** RECORDS SHOWN follows **

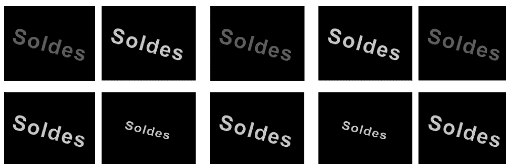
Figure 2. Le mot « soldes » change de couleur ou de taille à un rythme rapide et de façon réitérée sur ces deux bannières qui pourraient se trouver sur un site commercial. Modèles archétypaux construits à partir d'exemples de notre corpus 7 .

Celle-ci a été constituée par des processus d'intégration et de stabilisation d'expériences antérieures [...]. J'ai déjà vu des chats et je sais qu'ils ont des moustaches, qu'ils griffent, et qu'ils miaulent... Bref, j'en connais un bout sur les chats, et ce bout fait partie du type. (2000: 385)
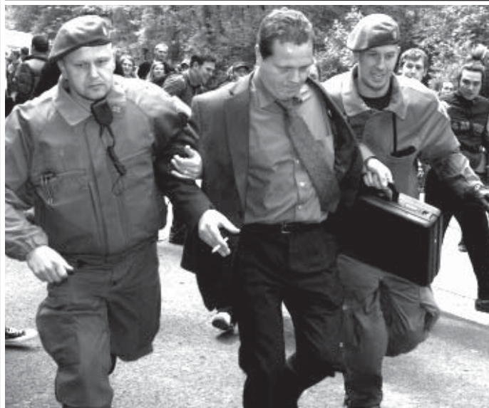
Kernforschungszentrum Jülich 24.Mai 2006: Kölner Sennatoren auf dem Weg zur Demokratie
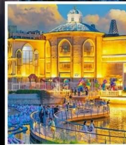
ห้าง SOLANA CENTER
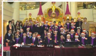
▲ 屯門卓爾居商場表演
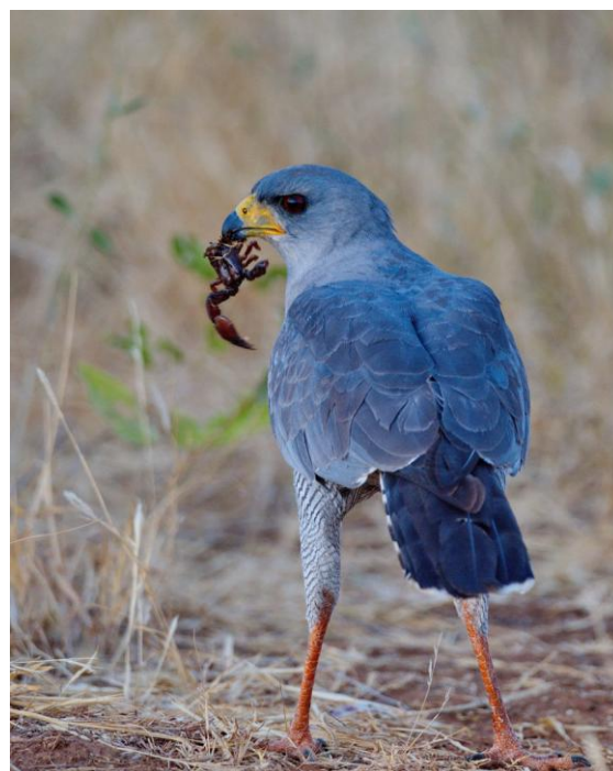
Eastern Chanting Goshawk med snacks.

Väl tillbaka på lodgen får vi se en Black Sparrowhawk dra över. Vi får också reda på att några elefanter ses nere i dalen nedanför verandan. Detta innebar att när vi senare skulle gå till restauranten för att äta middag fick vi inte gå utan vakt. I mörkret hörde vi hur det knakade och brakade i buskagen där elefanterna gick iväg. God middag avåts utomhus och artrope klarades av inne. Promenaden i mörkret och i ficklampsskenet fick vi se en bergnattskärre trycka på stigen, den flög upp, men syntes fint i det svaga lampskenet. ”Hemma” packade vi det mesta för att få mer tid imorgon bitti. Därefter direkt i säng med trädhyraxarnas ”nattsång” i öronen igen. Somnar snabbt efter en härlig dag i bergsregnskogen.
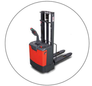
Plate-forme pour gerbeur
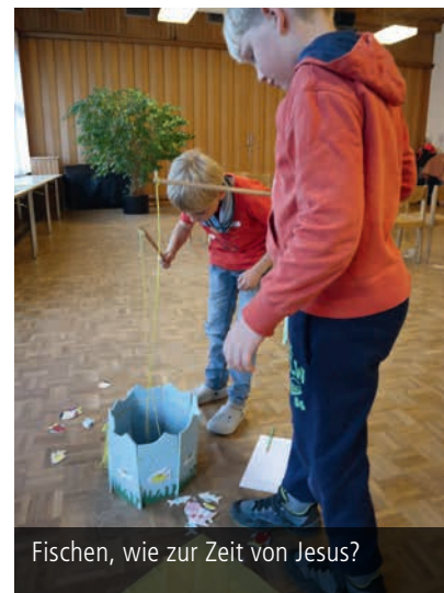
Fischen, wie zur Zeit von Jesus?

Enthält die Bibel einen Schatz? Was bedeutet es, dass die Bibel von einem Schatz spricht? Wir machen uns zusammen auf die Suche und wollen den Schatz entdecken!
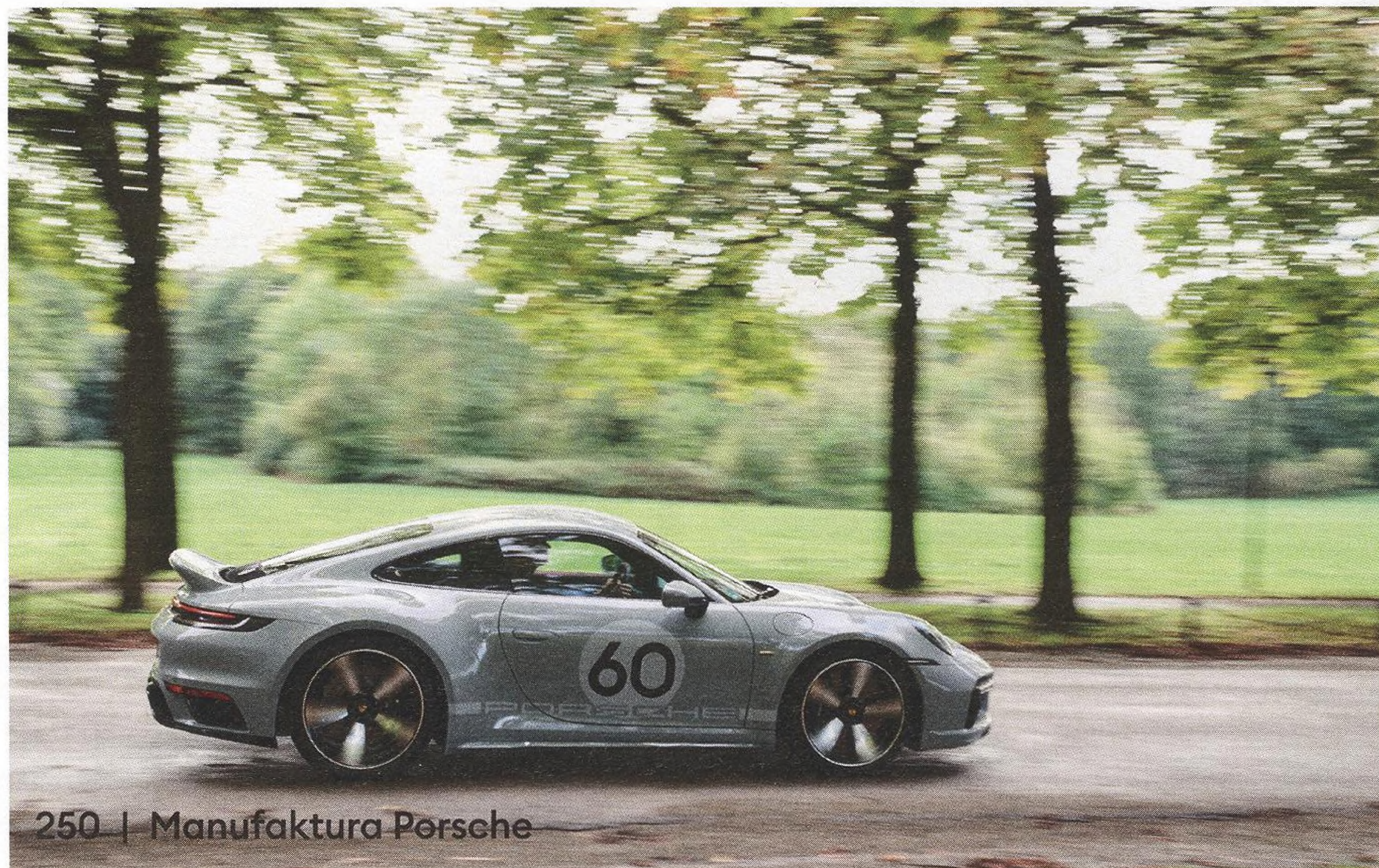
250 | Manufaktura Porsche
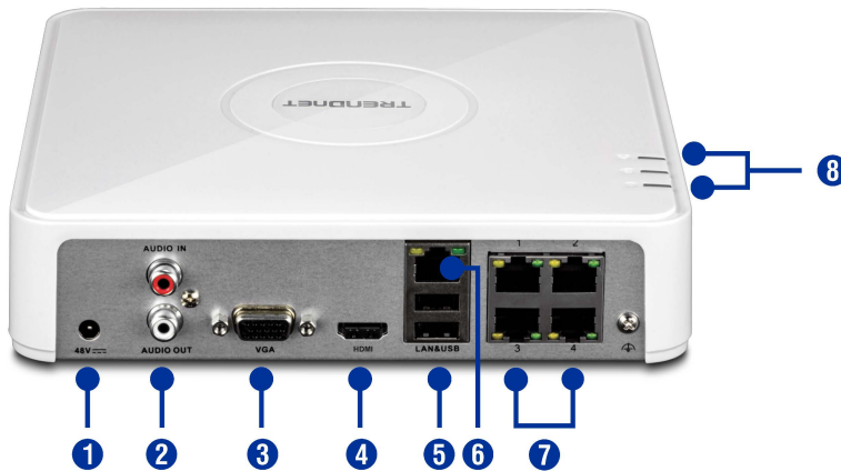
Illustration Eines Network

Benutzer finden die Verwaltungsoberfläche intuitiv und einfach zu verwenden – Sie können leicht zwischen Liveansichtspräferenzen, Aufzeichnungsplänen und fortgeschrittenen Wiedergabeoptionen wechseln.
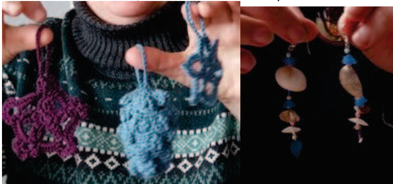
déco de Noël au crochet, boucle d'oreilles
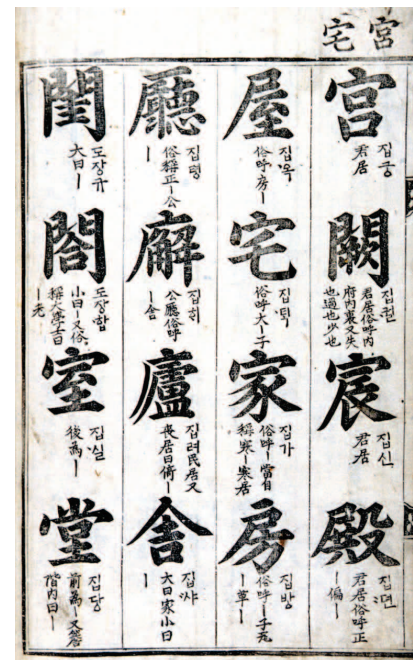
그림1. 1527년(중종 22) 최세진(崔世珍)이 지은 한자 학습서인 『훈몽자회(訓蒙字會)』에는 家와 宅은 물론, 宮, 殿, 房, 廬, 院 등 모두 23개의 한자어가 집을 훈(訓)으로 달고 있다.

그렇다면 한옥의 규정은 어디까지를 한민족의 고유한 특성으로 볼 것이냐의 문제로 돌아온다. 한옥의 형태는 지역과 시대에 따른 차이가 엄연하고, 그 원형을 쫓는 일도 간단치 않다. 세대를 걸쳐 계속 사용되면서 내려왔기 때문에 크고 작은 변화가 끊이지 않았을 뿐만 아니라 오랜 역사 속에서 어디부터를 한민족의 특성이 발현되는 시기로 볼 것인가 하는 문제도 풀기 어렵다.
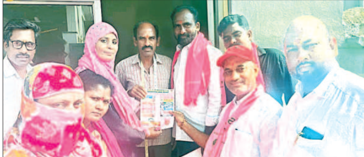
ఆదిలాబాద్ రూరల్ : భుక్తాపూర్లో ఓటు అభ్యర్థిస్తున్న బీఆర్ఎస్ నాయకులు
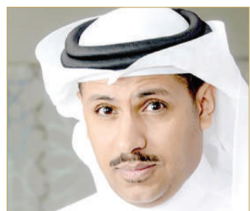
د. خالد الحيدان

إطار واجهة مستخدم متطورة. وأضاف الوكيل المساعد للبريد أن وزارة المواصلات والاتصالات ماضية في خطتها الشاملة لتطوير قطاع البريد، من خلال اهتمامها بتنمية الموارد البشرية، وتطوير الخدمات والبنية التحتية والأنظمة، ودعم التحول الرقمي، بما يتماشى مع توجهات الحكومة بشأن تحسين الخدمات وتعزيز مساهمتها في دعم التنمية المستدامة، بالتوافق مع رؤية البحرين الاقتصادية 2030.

** End of RECORDS SHOWN **

* _REQUIRED WORK_
Your answer should reproduce every line of the data verbatim and include no images.

* _ANSWER AREA_
Figure 2. Le mot « soldes » change de couleur ou de taille à un rythme rapide et de façon réitérée sur ces deux bannières qui pourraient se trouver sur un site commercial. Modèles archétypaux construits à partir d'exemples de notre corpus 7 .

Celle-ci a été constituée par des processus d'intégration et de stabilisation d'expériences antérieures [...]. J'ai déjà vu des chats et je sais qu'ils ont des moustaches, qu'ils griffent, et qu'ils miaulent... Bref, j'en connais un bout sur les chats, et ce bout fait partie du type. (2000: 385)
Kernforschungszentrum Jülich 24.Mai 2006: Kölner Sennatoren auf dem Weg zur Demokratie
ห้าง SOLANA CENTER
▲ 屯門卓爾居商場表演
Eastern Chanting Goshawk med snacks.

Väl tillbaka på lodgen får vi se en Black Sparrowhawk dra över. Vi får också reda på att några elefanter ses nere i dalen nedanför verandan. Detta innebar att när vi senare skulle gå till restauranten för att äta middag fick vi inte gå utan vakt. I mörkret hörde vi hur det knakade och brakade i buskagen där elefanterna gick iväg. God middag avåts utomhus och artrope klarades av inne. Promenaden i mörkret och i ficklampsskenet fick vi se en bergnattskärre trycka på stigen, den flög upp, men syntes fint i det svaga lampskenet. ”Hemma” packade vi det mesta för att få mer tid imorgon bitti. Därefter direkt i säng med trädhyraxarnas ”nattsång” i öronen igen. Somnar snabbt efter en härlig dag i bergsregnskogen.
Plate-forme pour gerbeur
Fischen, wie zur Zeit von Jesus?

Enthält die Bibel einen Schatz? Was bedeutet es, dass die Bibel von einem Schatz spricht? Wir machen uns zusammen auf die Suche und wollen den Schatz entdecken!
250 | Manufaktura Porsche
Illustration Eines Network

Benutzer finden die Verwaltungsoberfläche intuitiv und einfach zu verwenden – Sie können leicht zwischen Liveansichtspräferenzen, Aufzeichnungsplänen und fortgeschrittenen Wiedergabeoptionen wechseln.
déco de Noël au crochet, boucle d'oreilles
그림1. 1527년(중종 22) 최세진(崔世珍)이 지은 한자 학습서인 『훈몽자회(訓蒙字會)』에는 家와 宅은 물론, 宮, 殿, 房, 廬, 院 등 모두 23개의 한자어가 집을 훈(訓)으로 달고 있다.

그렇다면 한옥의 규정은 어디까지를 한민족의 고유한 특성으로 볼 것이냐의 문제로 돌아온다. 한옥의 형태는 지역과 시대에 따른 차이가 엄연하고, 그 원형을 쫓는 일도 간단치 않다. 세대를 걸쳐 계속 사용되면서 내려왔기 때문에 크고 작은 변화가 끊이지 않았을 뿐만 아니라 오랜 역사 속에서 어디부터를 한민족의 특성이 발현되는 시기로 볼 것인가 하는 문제도 풀기 어렵다.
ఆదిలాబాద్ రూరల్ : భుక్తాపూర్లో ఓటు అభ్యర్థిస్తున్న బీఆర్ఎస్ నాయకులు
د. خالد الحيدان

إطار واجهة مستخدم متطورة. وأضاف الوكيل المساعد للبريد أن وزارة المواصلات والاتصالات ماضية في خطتها الشاملة لتطوير قطاع البريد، من خلال اهتمامها بتنمية الموارد البشرية، وتطوير الخدمات والبنية التحتية والأنظمة، ودعم التحول الرقمي، بما يتماشى مع توجهات الحكومة بشأن تحسين الخدمات وتعزيز مساهمتها في دعم التنمية المستدامة، بالتوافق مع رؤية البحرين الاقتصادية 2030.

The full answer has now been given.